Work to be completed - The pictures in the listing below are to be skipped, while the lines between the line holding "ที่ชาร์จในรถยนต์แบบ 5 พอร์ต" and the line holding "char B;void interrupt", inclusive, are to be output exactly.
================
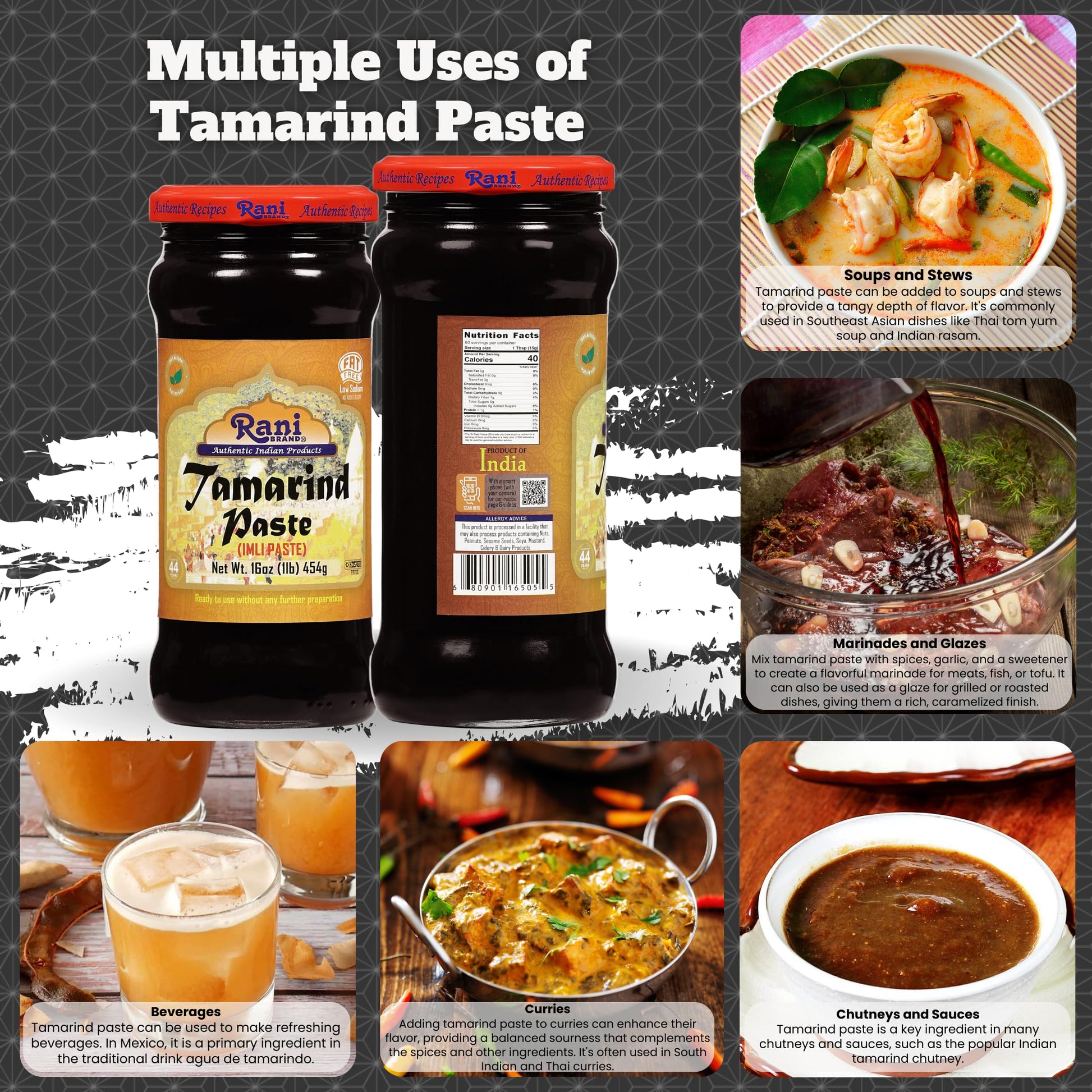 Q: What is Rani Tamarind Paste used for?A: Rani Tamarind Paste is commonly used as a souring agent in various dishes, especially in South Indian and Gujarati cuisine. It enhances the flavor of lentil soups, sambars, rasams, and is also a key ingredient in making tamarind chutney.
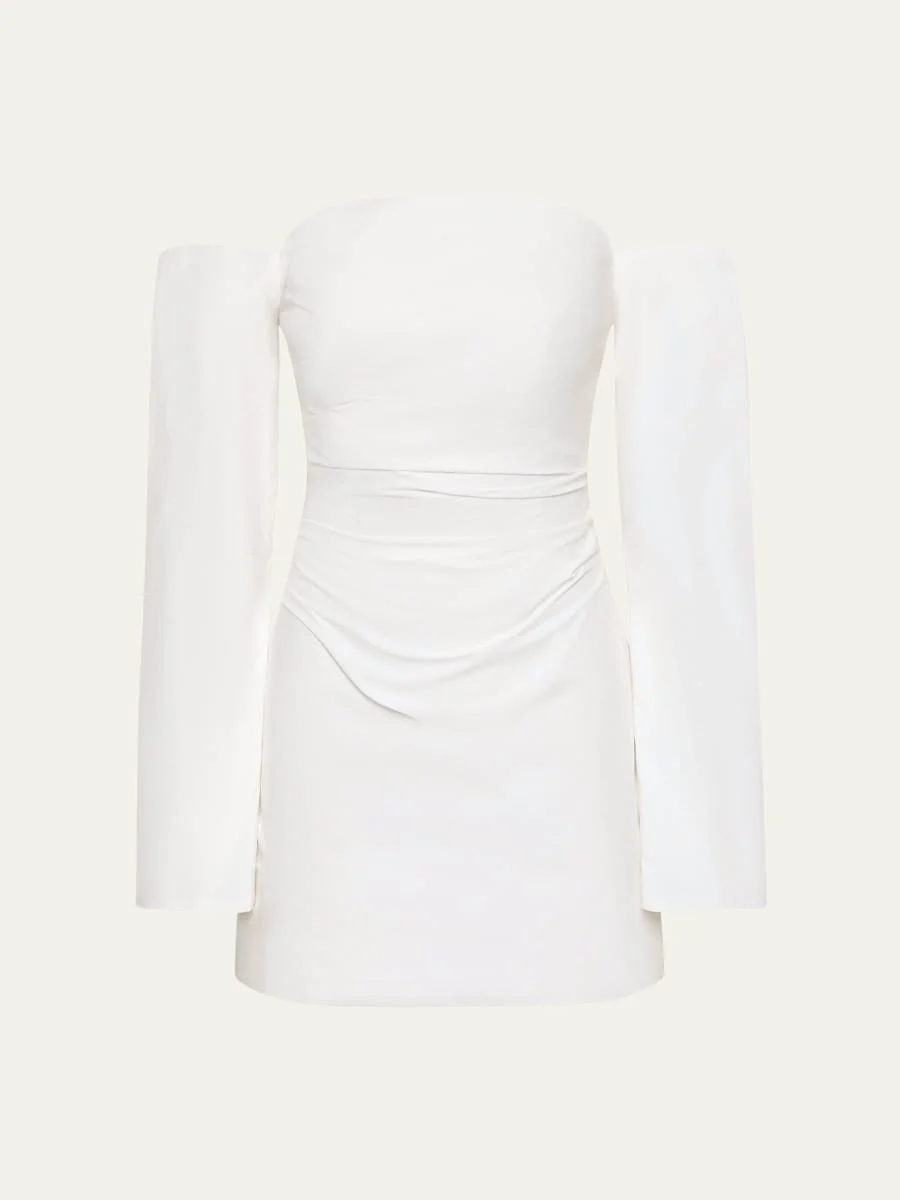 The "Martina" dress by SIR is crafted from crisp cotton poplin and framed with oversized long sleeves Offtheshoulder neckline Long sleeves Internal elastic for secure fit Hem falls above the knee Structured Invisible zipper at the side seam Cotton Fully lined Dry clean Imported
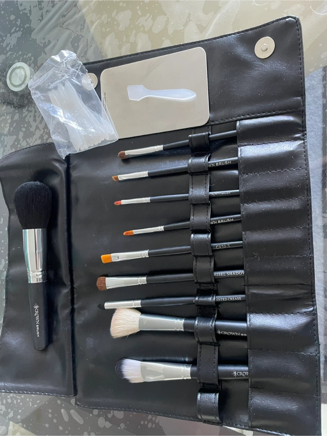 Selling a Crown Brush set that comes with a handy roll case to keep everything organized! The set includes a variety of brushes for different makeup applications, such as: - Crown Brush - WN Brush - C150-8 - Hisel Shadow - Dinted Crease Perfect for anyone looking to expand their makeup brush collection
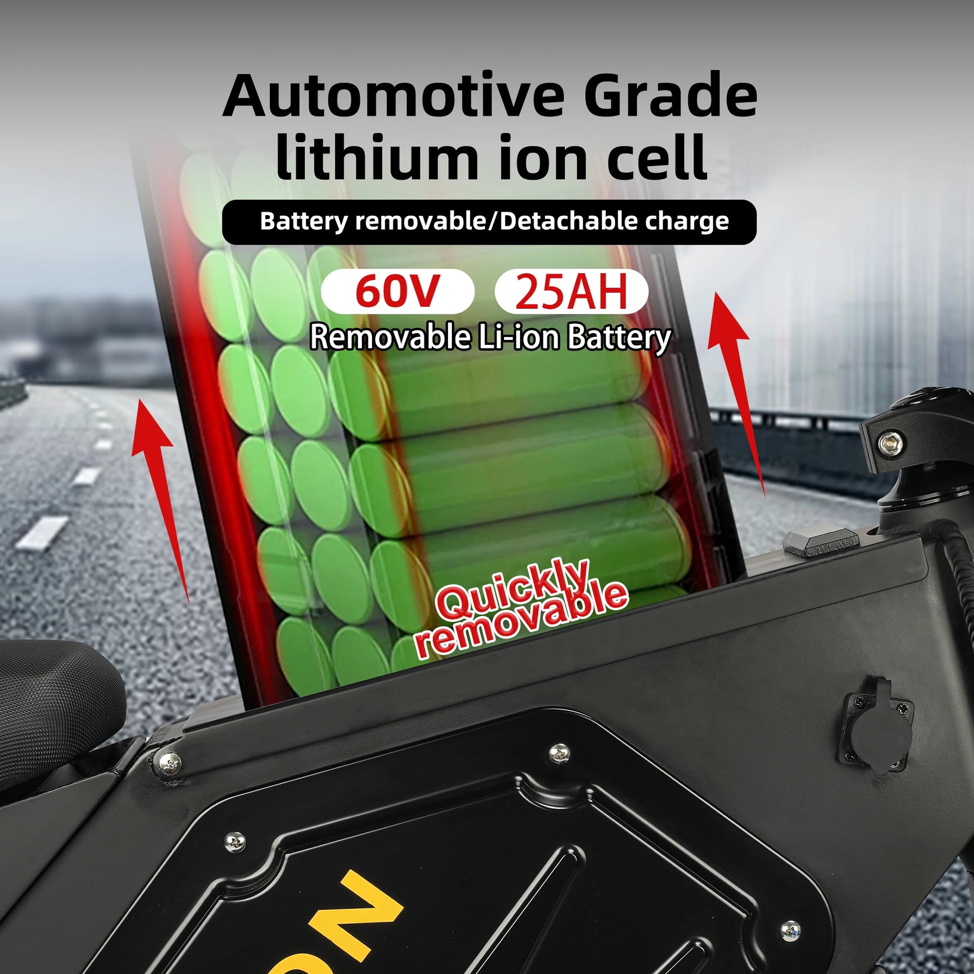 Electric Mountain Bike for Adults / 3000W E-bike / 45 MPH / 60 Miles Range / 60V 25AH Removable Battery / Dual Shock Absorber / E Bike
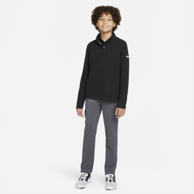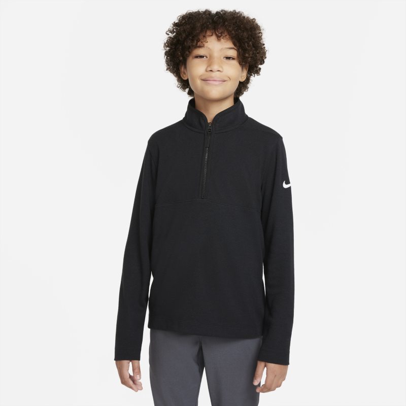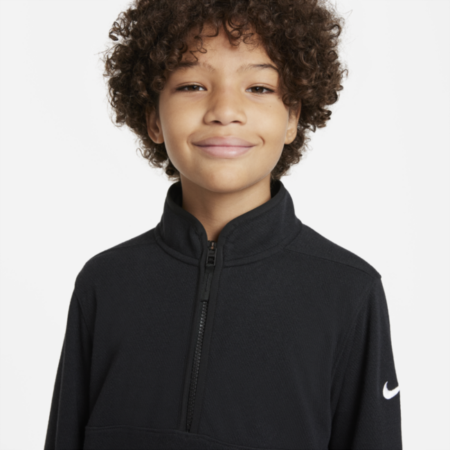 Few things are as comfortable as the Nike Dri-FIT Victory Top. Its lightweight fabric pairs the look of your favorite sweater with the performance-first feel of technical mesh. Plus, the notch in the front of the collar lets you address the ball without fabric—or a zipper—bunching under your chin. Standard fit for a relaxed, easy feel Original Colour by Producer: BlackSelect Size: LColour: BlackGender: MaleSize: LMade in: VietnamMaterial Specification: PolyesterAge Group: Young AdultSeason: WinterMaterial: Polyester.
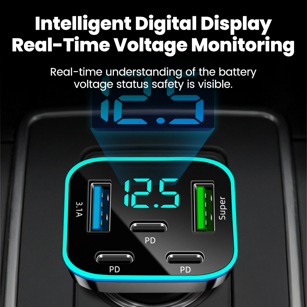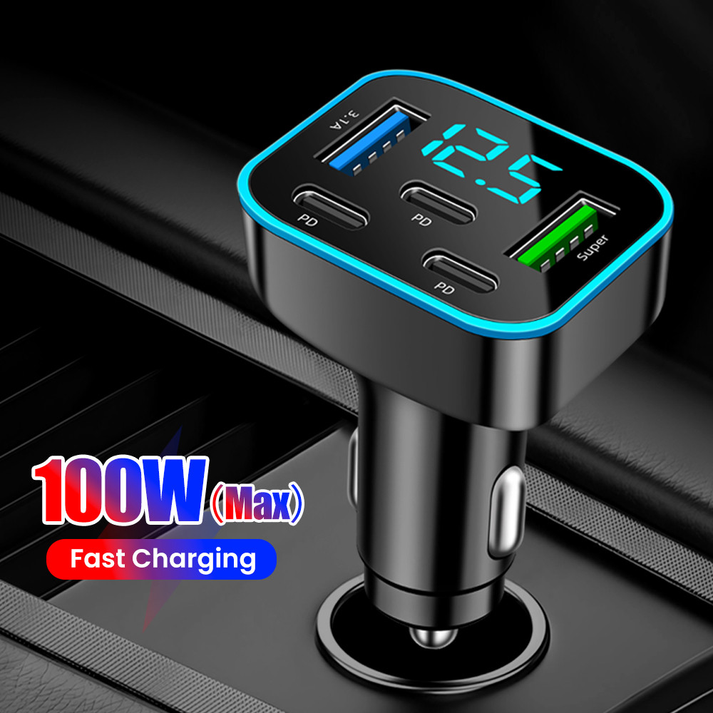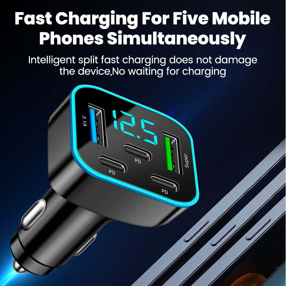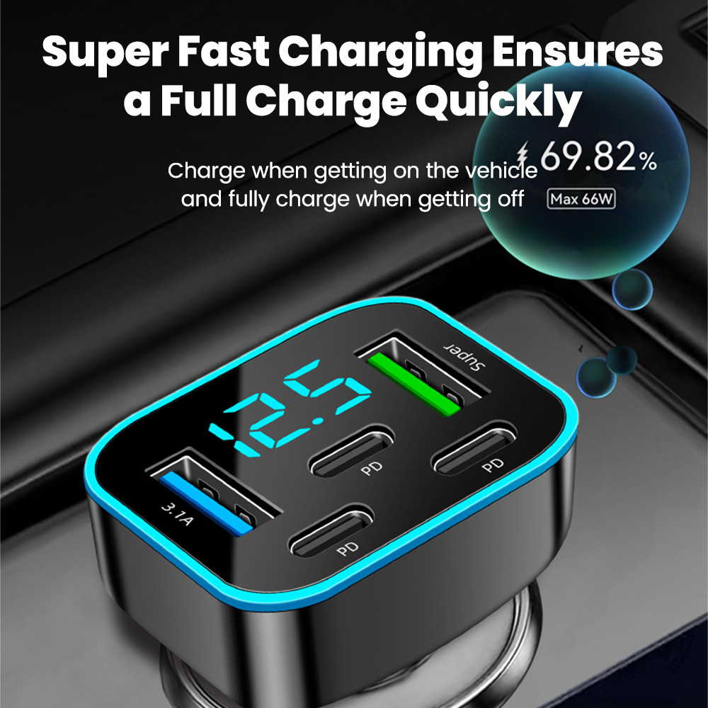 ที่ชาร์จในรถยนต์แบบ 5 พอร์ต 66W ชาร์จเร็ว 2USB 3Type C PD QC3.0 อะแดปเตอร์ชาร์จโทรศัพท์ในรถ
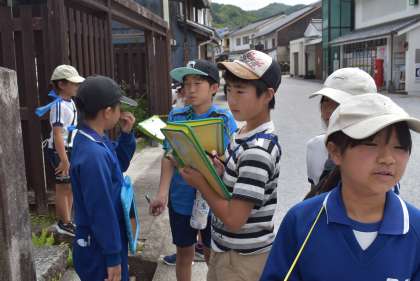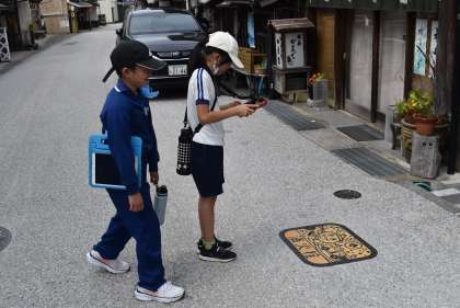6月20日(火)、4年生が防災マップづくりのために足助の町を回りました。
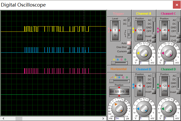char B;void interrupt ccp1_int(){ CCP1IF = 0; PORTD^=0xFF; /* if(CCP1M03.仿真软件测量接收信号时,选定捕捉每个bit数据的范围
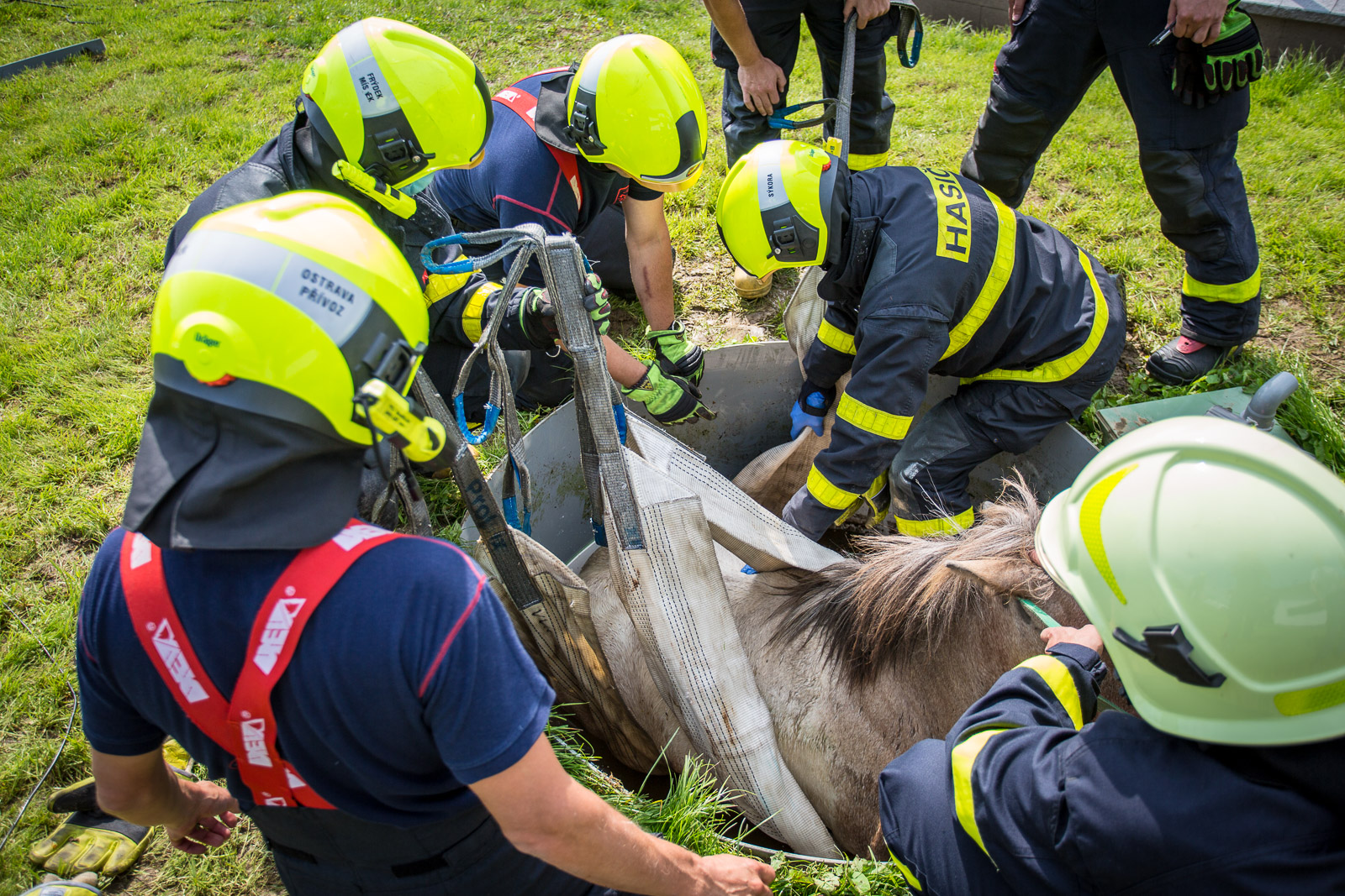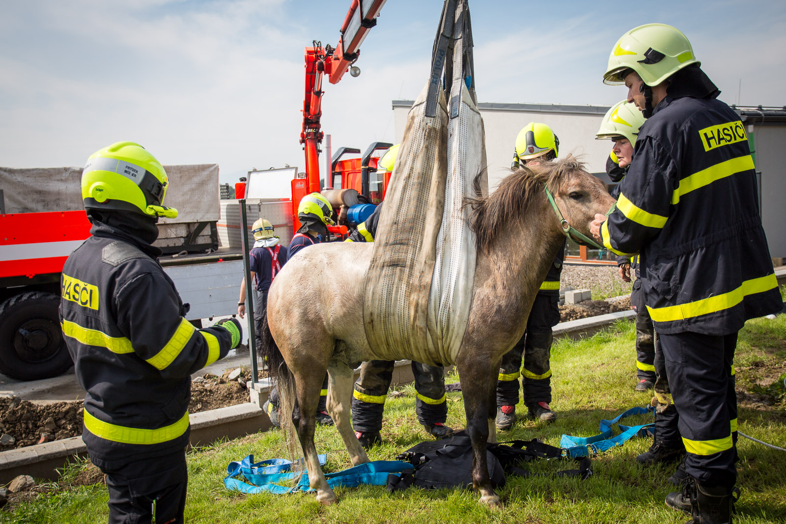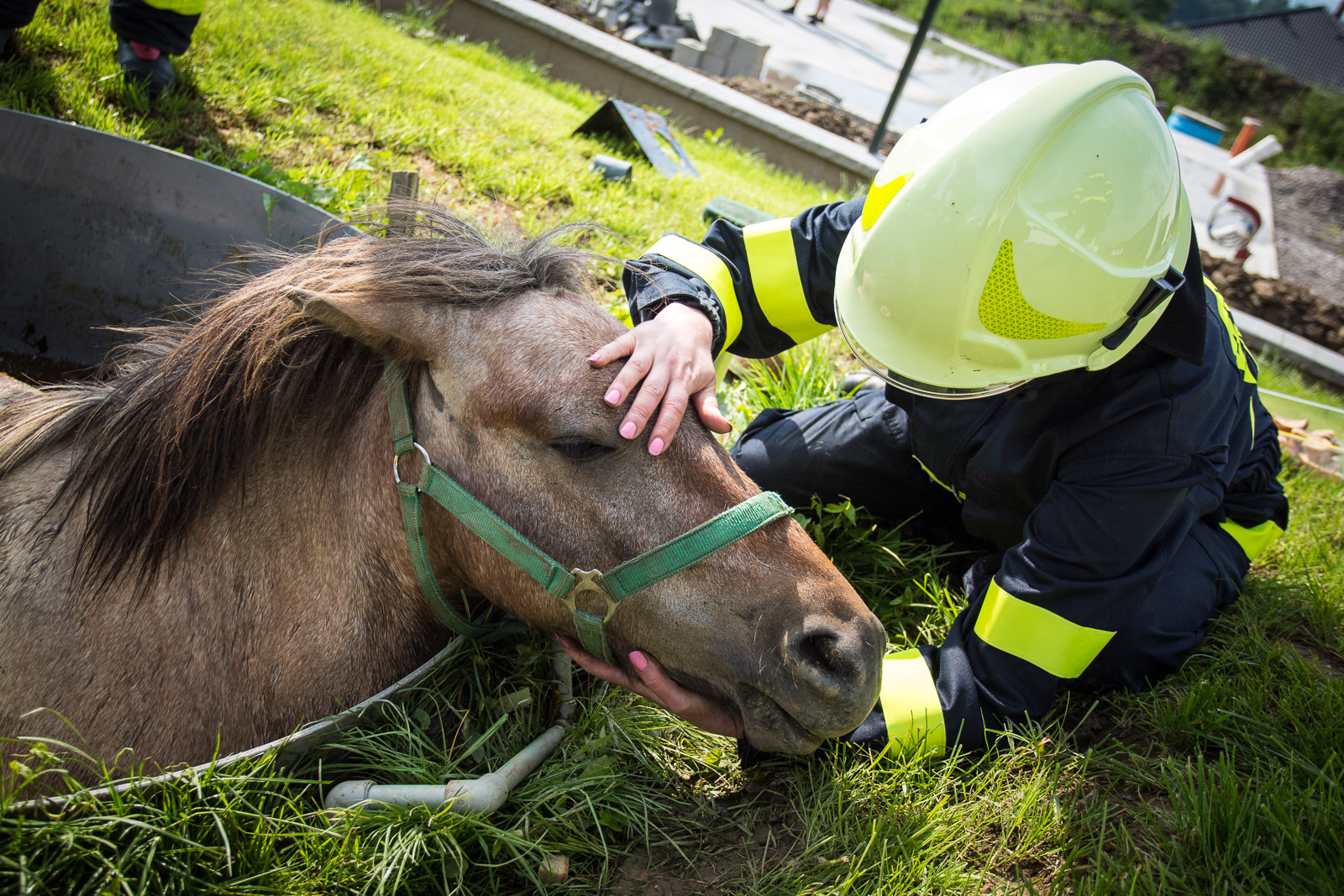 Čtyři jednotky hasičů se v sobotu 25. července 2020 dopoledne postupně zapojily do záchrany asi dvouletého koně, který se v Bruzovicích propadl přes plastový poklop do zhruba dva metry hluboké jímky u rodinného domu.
================
Solution -
 ที่ชาร์จในรถยนต์แบบ 5 พอร์ต 66W ชาร์จเร็ว 2USB 3Type C PD QC3.0 อะแดปเตอร์ชาร์จโทรศัพท์ในรถ
6月20日(火)、4年生が防災マップづくりのために足助の町を回りました。
char B;void interrupt ccp1_int(){ CCP1IF = 0; PORTD^=0xFF; /* if(CCP1M03.仿真软件测量接收信号时,选定捕捉每个bit数据的范围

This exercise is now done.